Study: antioxidants won't extend your life
www.chinaview.cn 2007-02-28 09:32:53

Antioxidant vitamins has long been regarded as panacea to slow the aging process. But a most comprehensive study of the popular supplements may smash the miraculous images these pills have, said Wednesday's issue of the Journal of the American Medical Association.
    BEIJING, Feb. 28 (Xinhuanet) -- Antioxidant vitamins has long been regarded as panacea to slow the aging process. But a most comprehensive study of the popular supplements may smash the miraculous images these pills have, said Wednesday's issue of the Journal of the American Medical Association.

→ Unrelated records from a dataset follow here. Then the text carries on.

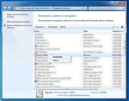 Algumas barras de ferramentas do Internet Explorer são exibidas no utilitário de desinstalação de programas do Windows, permitindo assim que você as desinstale facilmente.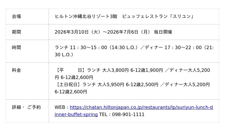 【2026年2月20日】ヒルトン沖縄北谷リゾート(北谷町(ちゃたんちょう)美浜(みはま) 統括総支配人 宍倉裕(ししくらゆたか))は、ビュッフェレストラン「スリユン」にて、2026年3月10日(火)から2026年7月6日(月)まで、『至福の海老づくしビュッフェ~五感で愉しむ贅沢エビ・セレクション~』を開催いたします。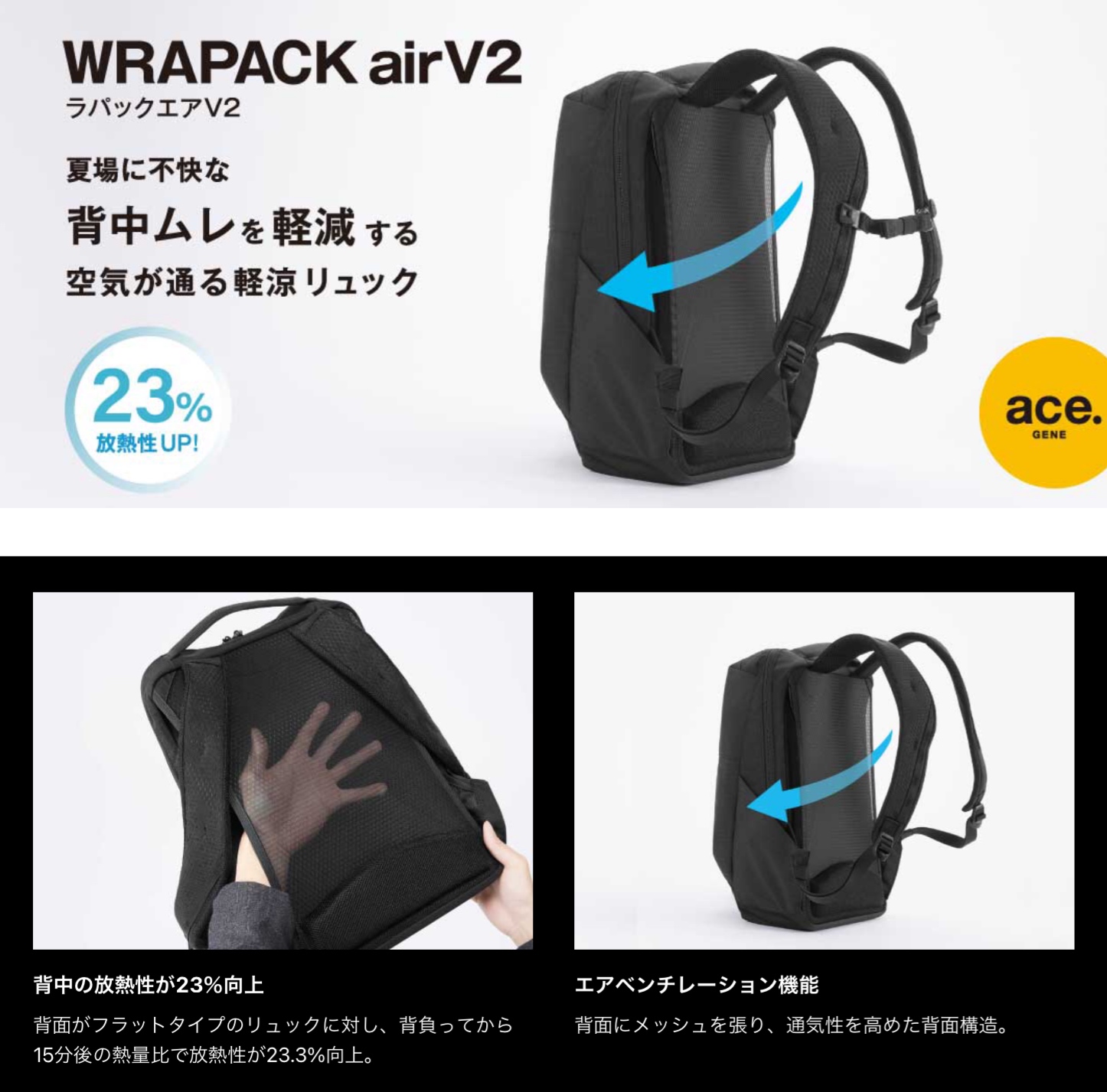 WRAPACK airV2 ✨? ace・ラパックエアV2が入荷しています✨ 放熱性を高め蒸れを防ぐ背面エアベンチレーションで、暑い夏も爽やかに通勤☀️ノートPCの収納も可能です! 是非お立ち寄りください♪ サイズ 小 ¥24200(税込) 大 ¥26400(税込)

    According to the analysis of separate studies on thousands of people, no evidence was found that taking beta carotene, vitamin A or vitamin E extends lifespan and, in fact, the supplements increase the likelihood of dying by about 5 percent. Vitamin C and selenium appeared to have no impact on longevity.

    Based on the findings, published in the journal, the researchers warned that consumers should be cautious about taking supplements containing the nutrients.

    "The main message is that prevention by beta carotene, vitamin A and vitamin E cannot be recommended. These three antioxidant supplements may increase mortality," said the study's senior author, Dr. Christian Gluud of Copenhagen University Hospital.

    Some other experts believed the study supports the theory that antioxidants work only when they are in food rather than pills.

    People tend to take vitamins to stay healthy. At least 150 million Americans regularly take dietary supplements that often include antioxidants.

    Some experts and representatives of the vitamin industry disputed the findings, criticizing that the seperate studies were too diverse to pool together.